**DATA**
- Opening Delimiter -

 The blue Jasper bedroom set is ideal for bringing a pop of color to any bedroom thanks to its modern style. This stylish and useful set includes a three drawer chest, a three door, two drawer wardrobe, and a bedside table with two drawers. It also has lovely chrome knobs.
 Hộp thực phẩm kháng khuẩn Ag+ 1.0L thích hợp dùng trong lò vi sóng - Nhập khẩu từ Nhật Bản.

- Closing Delimiter -
- Opening Delimiter -

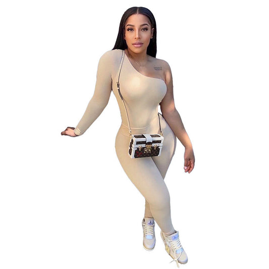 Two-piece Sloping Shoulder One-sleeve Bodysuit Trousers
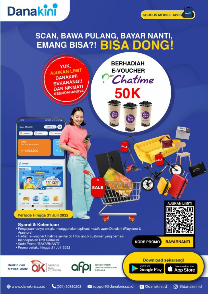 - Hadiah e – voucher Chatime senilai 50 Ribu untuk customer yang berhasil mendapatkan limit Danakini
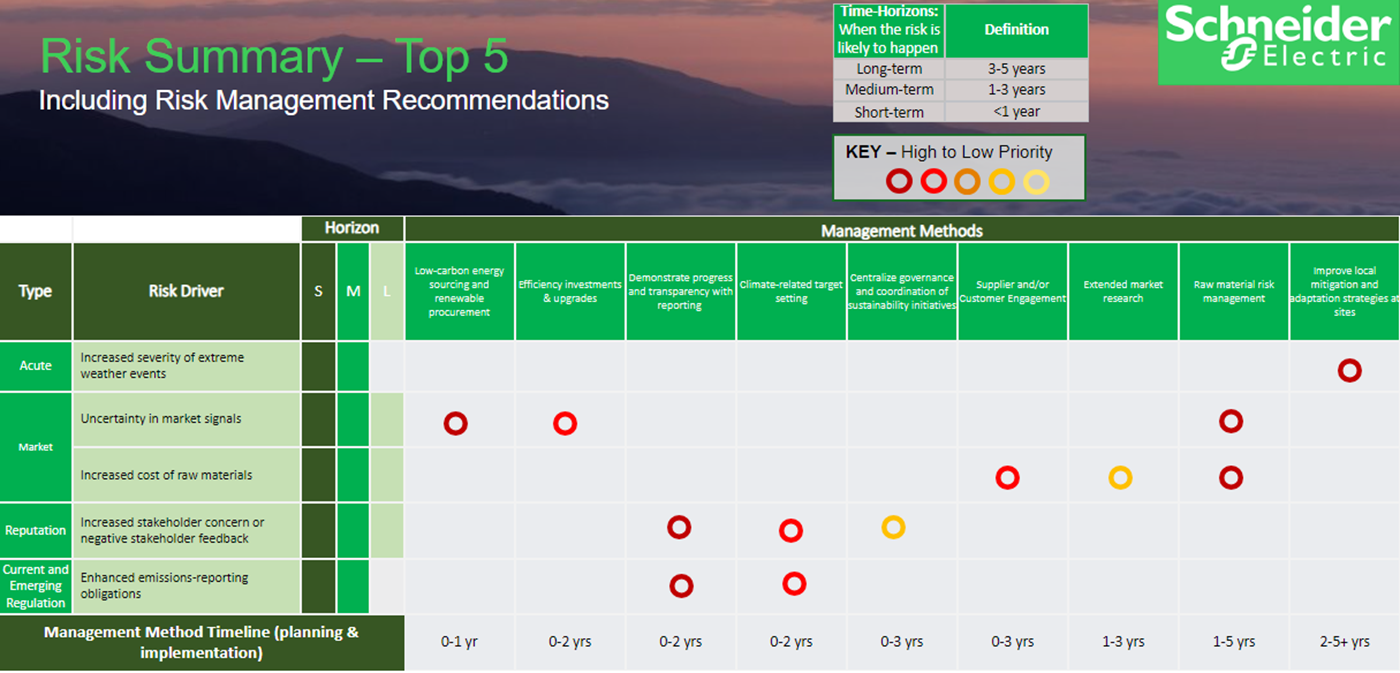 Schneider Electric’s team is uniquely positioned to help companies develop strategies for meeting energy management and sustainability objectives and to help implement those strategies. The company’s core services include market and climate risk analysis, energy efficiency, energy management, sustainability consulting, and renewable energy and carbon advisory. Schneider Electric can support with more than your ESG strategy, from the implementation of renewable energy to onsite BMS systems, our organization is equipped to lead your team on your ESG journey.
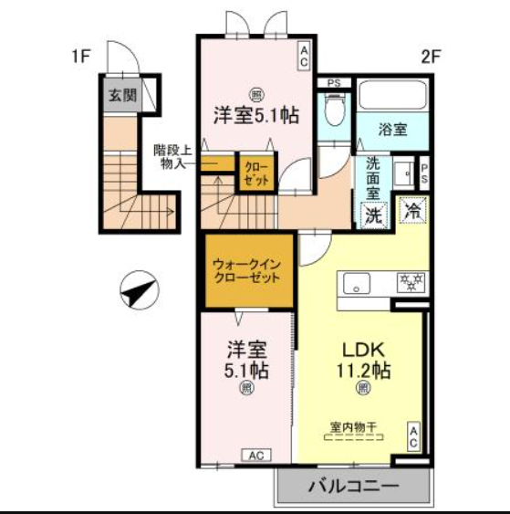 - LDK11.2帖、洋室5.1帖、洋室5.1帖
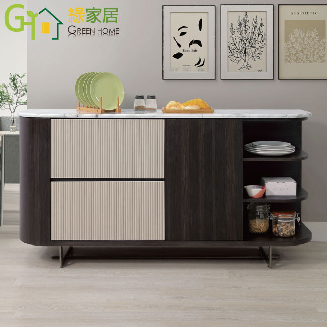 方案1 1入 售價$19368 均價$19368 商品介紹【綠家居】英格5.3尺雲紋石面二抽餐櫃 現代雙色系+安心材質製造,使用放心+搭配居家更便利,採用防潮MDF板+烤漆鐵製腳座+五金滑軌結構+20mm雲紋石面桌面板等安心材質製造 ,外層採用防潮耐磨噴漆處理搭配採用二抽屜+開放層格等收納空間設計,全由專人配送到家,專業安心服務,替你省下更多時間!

- Closing Delimiter -

**PROBLEM STATEMENT**
Text only, no pictures: please print exactly the lines above from the line with "- Hadiah e –" up to and including the line with "方案1 1入 售價$19368", and nothing else.

**REPLY**
 - Hadiah e – voucher Chatime senilai 50 Ribu untuk customer yang berhasil mendapatkan limit Danakini
 Schneider Electric’s team is uniquely positioned to help companies develop strategies for meeting energy management and sustainability objectives and to help implement those strategies. The company’s core services include market and climate risk analysis, energy efficiency, energy management, sustainability consulting, and renewable energy and carbon advisory. Schneider Electric can support with more than your ESG strategy, from the implementation of renewable energy to onsite BMS systems, our organization is equipped to lead your team on your ESG journey.
 - LDK11.2帖、洋室5.1帖、洋室5.1帖
 方案1 1入 售價$19368 均價$19368 商品介紹【綠家居】英格5.3尺雲紋石面二抽餐櫃 現代雙色系+安心材質製造,使用放心+搭配居家更便利,採用防潮MDF板+烤漆鐵製腳座+五金滑軌結構+20mm雲紋石面桌面板等安心材質製造 ,外層採用防潮耐磨噴漆處理搭配採用二抽屜+開放層格等收納空間設計,全由專人配送到家,專業安心服務,替你省下更多時間!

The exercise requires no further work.